Location
- Country: India
- State: Tamil Nadu
- Region: Salem District

Physical characteristics
- • elevation: 0 ft (0 m)

= Vasishta Nadi =

Vasishta Nadi, named after the Hindu sage Vasishtha, originates from Salem district, flows through Kurchi, Belur, Yethapur, Pethanaickenpalayam, Attur, Kattukottai, Manivizhundhan North between South, Deviyakurichi, Pattuthurai, Thalaivasal, Aragalur, Sitheri and Cuddalore district. This river flows in Cuddalore and joins Sweata Nadi before flowing into the Bay of Bengal. Dams on the river are located at Attur and Periyeri. Check dams are constructed at Attur, Thalivasal and Periyeri/Aragalur.

Like many seasonal rivers in Tamil Nadu, soil erosion is a major concern for many parts of this river due to legal/illegal extensive sand mining for concrete.

The Vellar system consists of the Vasishta Nadi and Sweata Nadi, which drain two parallel valleys running east and west in Attur taluk, former carrying off the drainage of Kalrayan Hills and the latter carrying the Kolli Hills and Pachamalais.

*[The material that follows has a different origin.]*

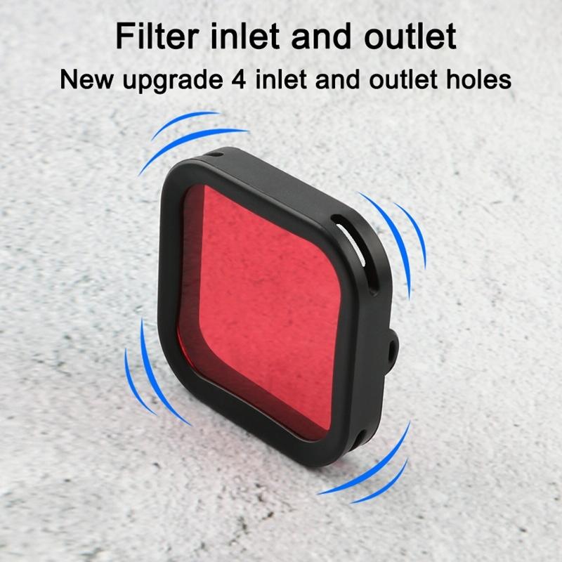 - Red filter for the bluish environment, purple filter for the green environment, and pink filter can restore the color of blue water to obtain a natural and warm color.

There are 12 Siva temples located on villages through which this river flows. These include the panchaboodhas (Five Classical Elements or Tattva): Belur Sri Thanthondreeswarar , (தான்தோன்றீஸ்வரர்) (land), Ethapur Sambamoortheeswarar (சாம்பமூர்த்திஸ்வரர்) (water), Pethanaickenpalayam Arulmegu Aatkondeswarar Temple (அருள்மிகு ஆட்கொண்டீஸ்வரர் திருக்கோயில்) Attur Kottai Kayanirmeshwarar (Fire), Aragalur Kamanadeshwarar (Air) & Koogayur Swarnapurieswarar (Sky).